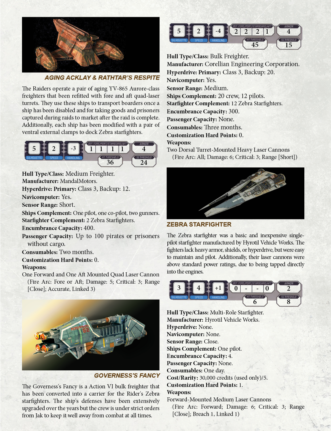 Regardless of the target or strike force, the riders favor fast and decisive surprise attacks. By the time escort ships pick up the pirate vessels on their impaired sensors, they are already under fire. The Riders try to cripple the escort vessels on the first pass, boarding the score quickly and offloading as much cargo as possible before fleeing reinforcements. For their remarkably ruthless reputation, the Riders don’t tend to kill unnecessarily – Big Jak knows that slaughtering dozens of passengers is going to cause more trouble than it is worth and keeps his crew on a short leash.
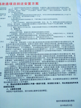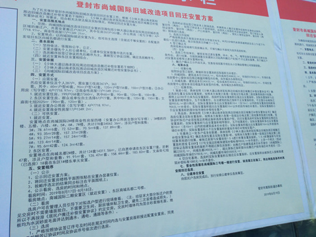 在2019年8月的选房现场,看到嵩阳街道办事处发布的回迁安置公告后,拆迁户的心里一下子由喜转悲。
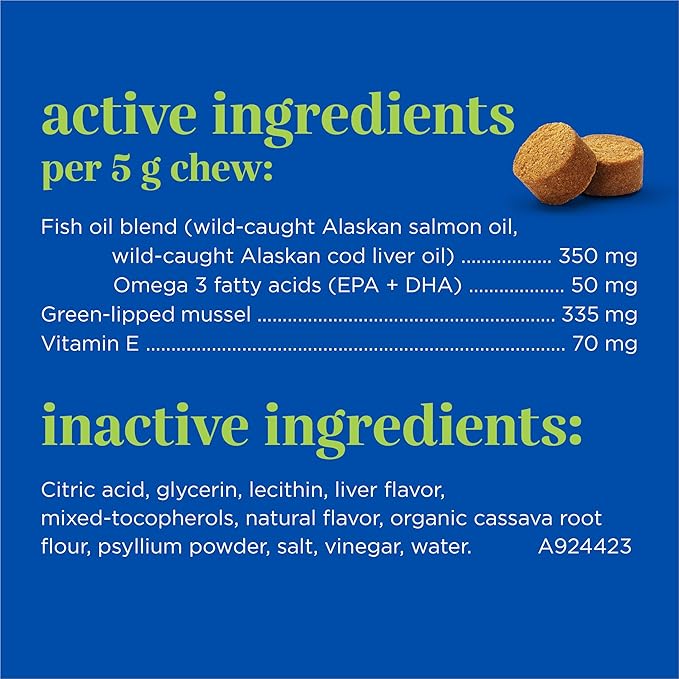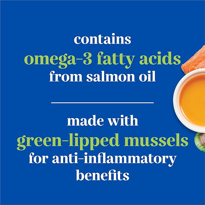 - Dog joint supplement containing omega-3 fatty acids from salmon oil to help ease joint stiffness due to normal daily exercise and activity

**PROBLEM DETAILS**
All of the lines above should be copied exactly, apart from the pictures.

**ANSWER BOX**
 Regardless of the target or strike force, the riders favor fast and decisive surprise attacks. By the time escort ships pick up the pirate vessels on their impaired sensors, they are already under fire. The Riders try to cripple the escort vessels on the first pass, boarding the score quickly and offloading as much cargo as possible before fleeing reinforcements. For their remarkably ruthless reputation, the Riders don’t tend to kill unnecessarily – Big Jak knows that slaughtering dozens of passengers is going to cause more trouble than it is worth and keeps his crew on a short leash.
 在2019年8月的选房现场,看到嵩阳街道办事处发布的回迁安置公告后,拆迁户的心里一下子由喜转悲。
 - Dog joint supplement containing omega-3 fatty acids from salmon oil to help ease joint stiffness due to normal daily exercise and activity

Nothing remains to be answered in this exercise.